There are two usual reasons
- punch configuration issue.
- Network issue
Punch configuration issue¶
During the log transport, the logs are stored in a queue (kafka) before sending them to the LMR. The component responsible for this function read the queue and wait an acknowledgement. Frequently, the network allows a large bandwidth but is a little slow, so many logs are stored in memory directly in the component (topology).
To prevent an Out of Memory, the punchline.max.spout.pending setting is set.
If the topology.max.spout.pending is too slow, the component stops reading the queue before receiving acknowledgements. It produces a significant drop of performance.
We recommend updating this setting with the following table
EPS(avg) topology.max.spout.pending
under 1000 600
between 1000 and 5000 6000
between 5000 and 10k 12000
above 10k 30000
Network Issues¶
Between LTR and LMR,the lumberjack acknowledged protocol is used. This protocol is two-ways but only little information goes upstream. This protocol leverages some keepalive mechanism that will help you to detect slow network issues.

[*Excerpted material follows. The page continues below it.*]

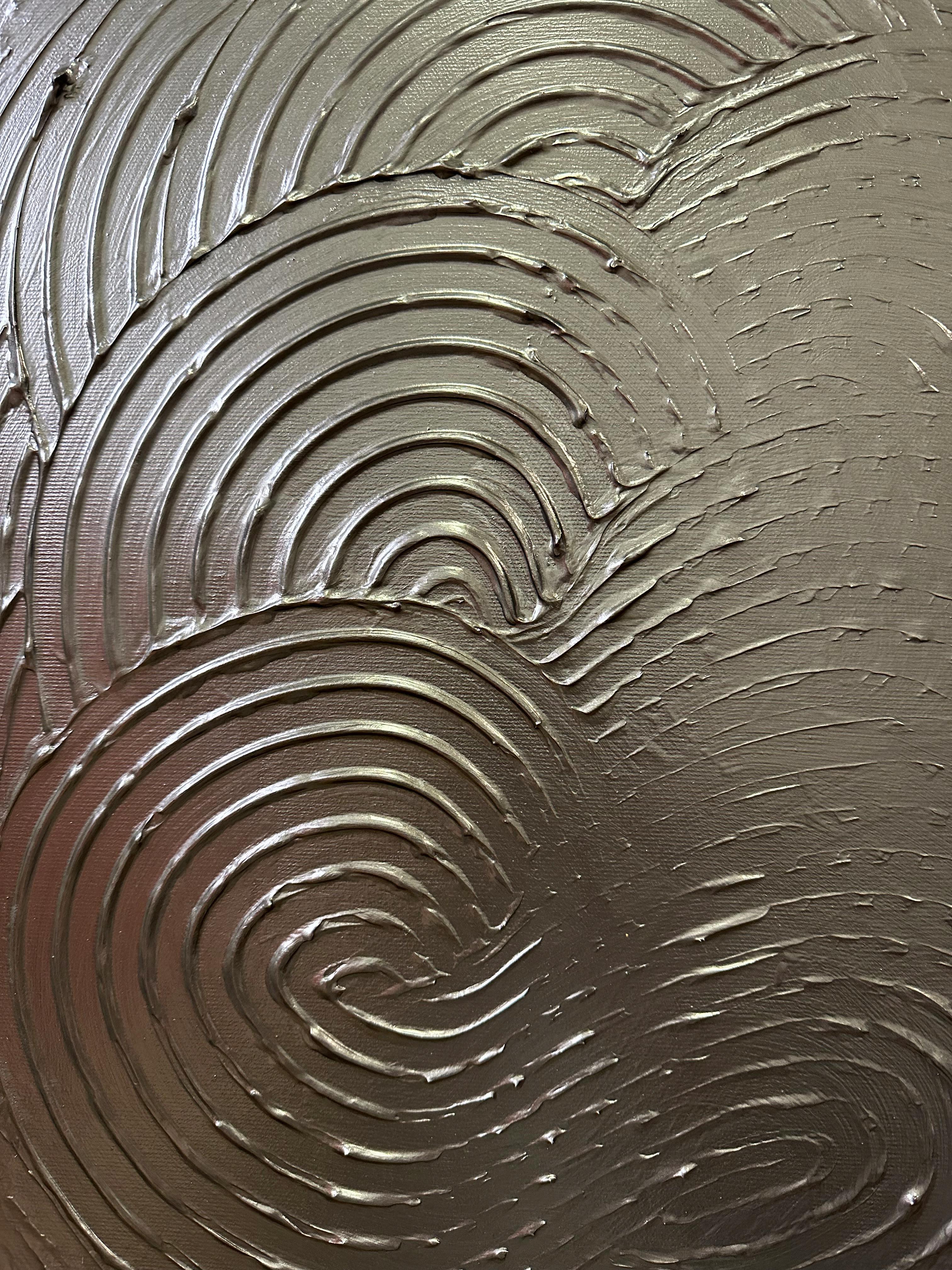 Her most extensive group of works, "The ZEN GARDEN CYCLE", shows mostly monochrome but reflective pictures with relief-like structures. The color is not used as a pure carrier of content or meaning in the working process, but rather seeks calm and balance in the sense of ZEN philosophy through the different perspectives of life, which symbiotically form overlapping relief structures, accompanied by reflection as a constant element. In the sense of art composing, the material haptics become blurred with the aesthetics of the room, the furniture lines are found again and merge in color into an overall artistic art composition, which is inherent in a uniqueness at every point and in every interior space.

Check you must see on worker logs (before and after increasing and decreasing rate) :
2017-11-13 16:15:00.283 c.t.s.c.p.c.n.i.NettyLumberJackClientImpl [WARN] message="keepalive timeout reached" now=60046 timeout=60000
The issue is a lumberjack timeout during the keepalive test. Check your bandwidth capacity using the punchplatform-injector.sh too, One check also the proper MTU settings or your link.